China, a growing force in the wine industry, is catching on the trend. In 2019, the country’s oldest and largest producer Changyu announced that it was converting its 250-hectare Chateau Changyu Moser XV estate in Ningxia into biodynamic viticulture. “We’re at the beginning stages – also set back by the pandemic – but we foresee no major obstacles in getting fully certified (by a European body) in three years,” says chief winemaker Lenz Moser. If all goes as planned, Chateau Changyu Moser XV will be the first certified biodynamic wine estate in China.
“The ultimate goal is to develop our distinct style further using biodynamic methods,” adds Moser. “We want drinkers to recognise our wines just by smelling them. A good example is the 2014 Vega Sicilia Valbuena 5. I was able to tell my host where the wine came from immediately after tasting it blind.”
Ningxia’s continental climate of long cold winters and short hot summers is particularly suited for this ancient practice of winemaking, where little is done to disrupt the natural environment.
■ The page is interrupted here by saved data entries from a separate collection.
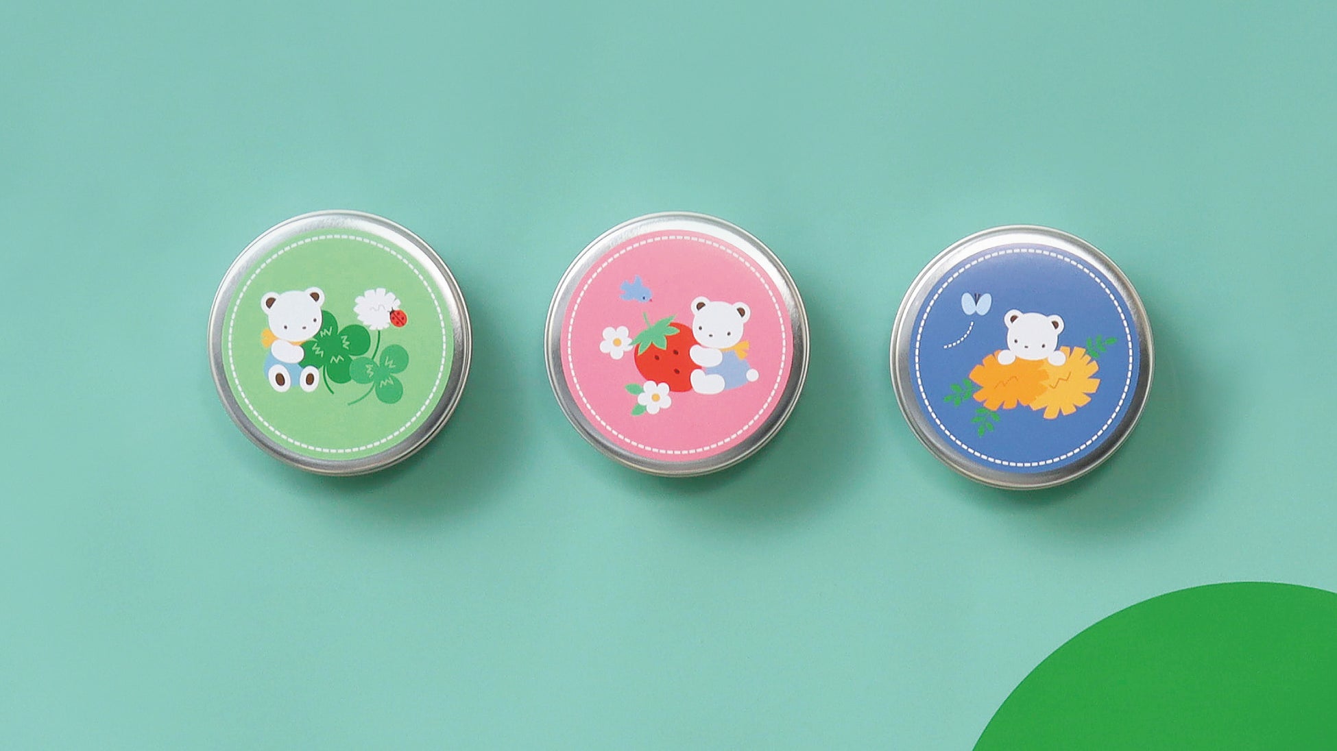 「Botanical Garden」のイメージから、クローバー・ワイルドストロベリー・マリーゴールドの3種類をセレクトし、それぞれの植物とクマちゃんのアートをシールにプリントしました。缶の中で栽培が可能なため、場所を取らずに気軽にお楽
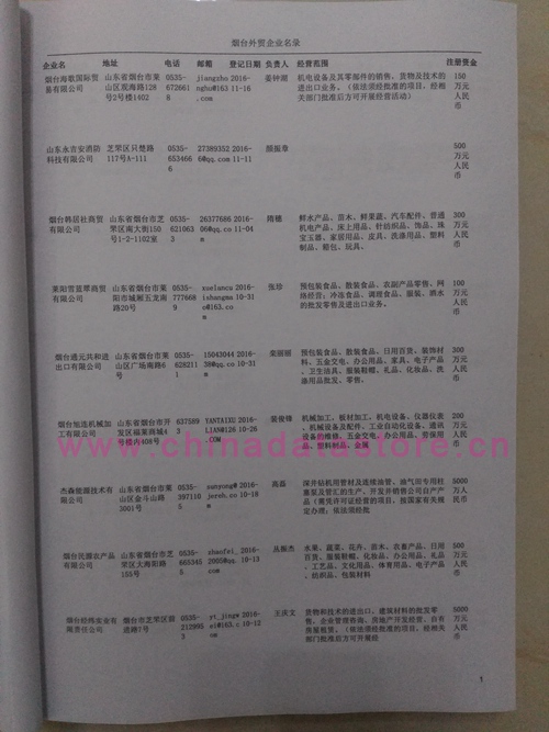 煙臺外貿企業黃頁包括:外貿企業名稱、地址、電話、傳真、郵箱、經營范圍、注冊資金等信息。
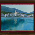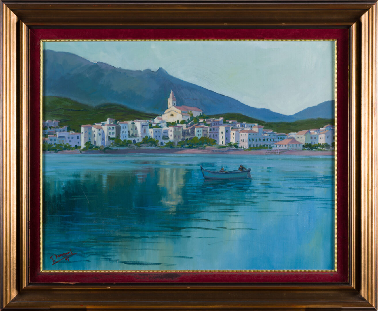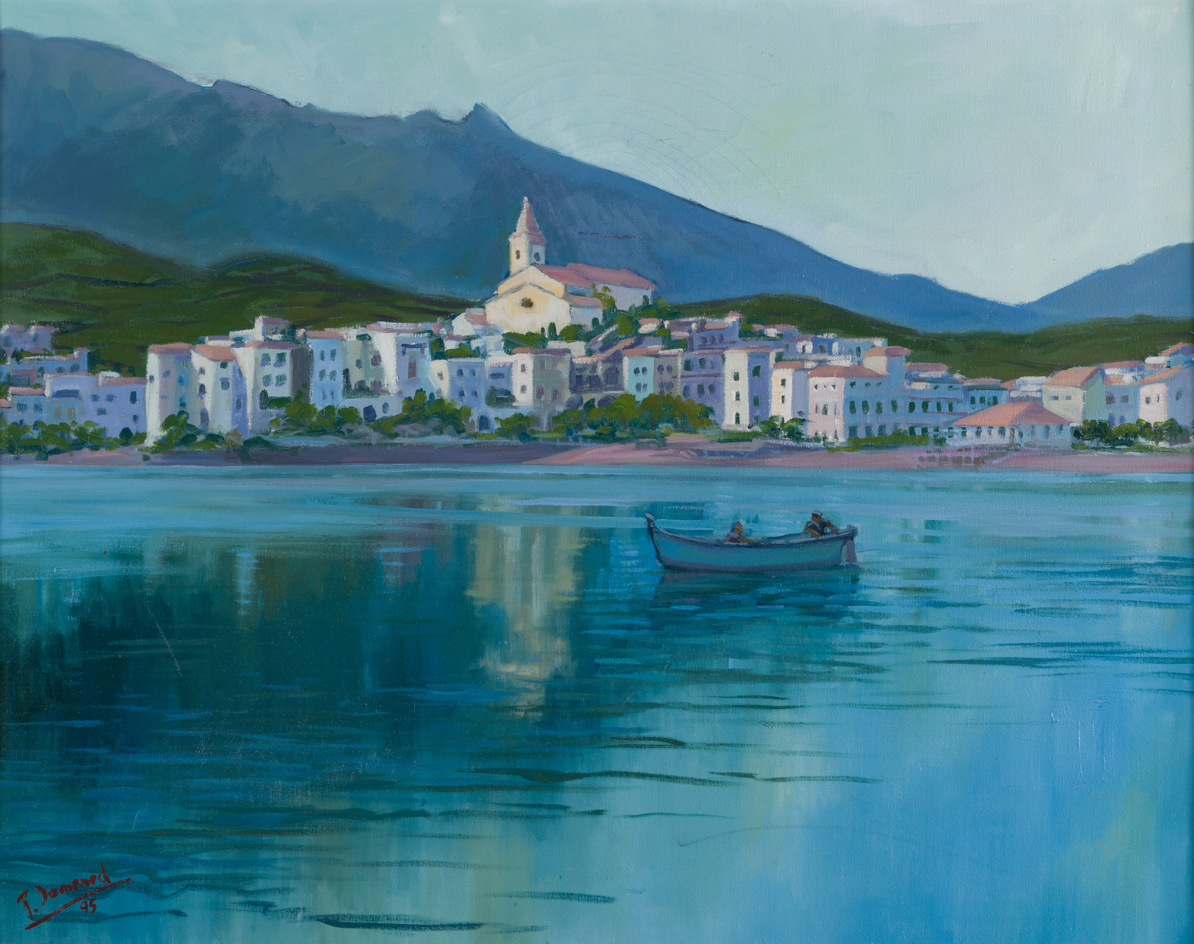 This serene oil on canvas depicts a picturesque Mediterranean coastal town, likely along the Costa Brava. The composition features a row of sun-drenched, white-washed buildings nestled at the base of a soft blue mountain range, with a central church spire puncturing the skyline. In the foreground, a traditional wooden fishing boat with two figures rests on the calm, turquoise waters, which beautifully mirror the coastal architecture and the hazy light of a clear day.

As Chateau Changyu Moser XV moves towards organic farming, two smaller wineries in the region are already reaping the rewards of a fully biodynamic system: Domaine des Arômes’ 2014 vintage received a bronze medal at the 2016 Decanter World Wine Awards while Silver Height’s cabernet-merlot blend The Summit was nominated for Best Chinese Red at the inaugural Singapore Wine Pinnacle Awards 2019.
“In 10 years, all top wines around the world will be biodynamic,” says Moser on the future of wines. “It will be a given, as consumers will not accept anything less and we as growers will need to take our responsibility to the planet seriously.”
“IN TEN YEARS, ALL TOP WINES AROUND THE WORLD WILL BE BIODYNAMIC.”